- Born: 1920 Germany
- Died: November 10, 2006 (aged 85–86) Ann Arbor, Michigan
- Education: Smith College Harvard University
- Known for: studies of consumer behavior in the United States and economic demography in low income countries
- Awards: Carolyn Shaw Bell Award, 2001 Fellow of the American Statistical Association
- Scientific career
- Fields: Economics
- Workplaces: Federal Reserve Bank of New York University of Michigan
- Doctoral advisor: Alvin Hansen

= Eva Mueller =

American economist (1920–2006)

Eva Mueller (1920 – November 19, 2006) was a professor of economics and research scientist at the University of Michigan. She studied consumer behavior in the United States and economic demography in low-income countries, particularly the relationship between income change and fertility change. She also made contributions to survey methodology, including methods of collecting employment statistics and time-use data.

== Life ==
Mueller was born in Germany, where both of her parents were chemists, and her mother, who held a PhD in Chemistry but was not permitted to work after her marriage, encouraged her to earn a PhD. She fled the Nazis as a young teen. She graduated from Smith College in 1942, and then worked for the Federal Reserve Bank of New York until the end of the Second World War. With the help of her supervisor at the bank, she was admitted to the PhD program in economics at Harvard University, graduating in 1951.

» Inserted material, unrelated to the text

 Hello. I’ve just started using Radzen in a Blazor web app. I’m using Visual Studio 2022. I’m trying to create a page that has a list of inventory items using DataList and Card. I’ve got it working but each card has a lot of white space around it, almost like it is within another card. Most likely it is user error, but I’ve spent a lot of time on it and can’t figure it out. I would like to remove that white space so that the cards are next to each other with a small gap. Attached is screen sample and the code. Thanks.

When she finished her PhD, the head of the Economics department at Harvard told Mueller that he could not help a woman find a job in economics, and so she wrote letters to economists whose work she admired. One of these economists was George Katona, who hired her to work at the Institute for Social Research at the University of Michigan. She spent the remainder of her career at Michigan.

== Career ==

Mueller was a research scientist with the Institute for Social Research until her retirement. In 1957 she also joined the Department of Economics as a professor. She was also associated with the Center for Research in Economic Development, the Center for South and Southeast Asian Studies, and the Population Studies Center. During her career, Mueller was a Fellow of the American Statistical Association, and was elected vice-president of the Population Association of America. She received the 2001 Carolyn Shaw Bell Award from the American Economics Association, awarded by the Committee on the Status of Women in the Economics Profession “to an individual who has furthered the status of women in the economics profession, through example, achievements, increasing our understanding of how women can advance in the economics profession, or mentoring of others.”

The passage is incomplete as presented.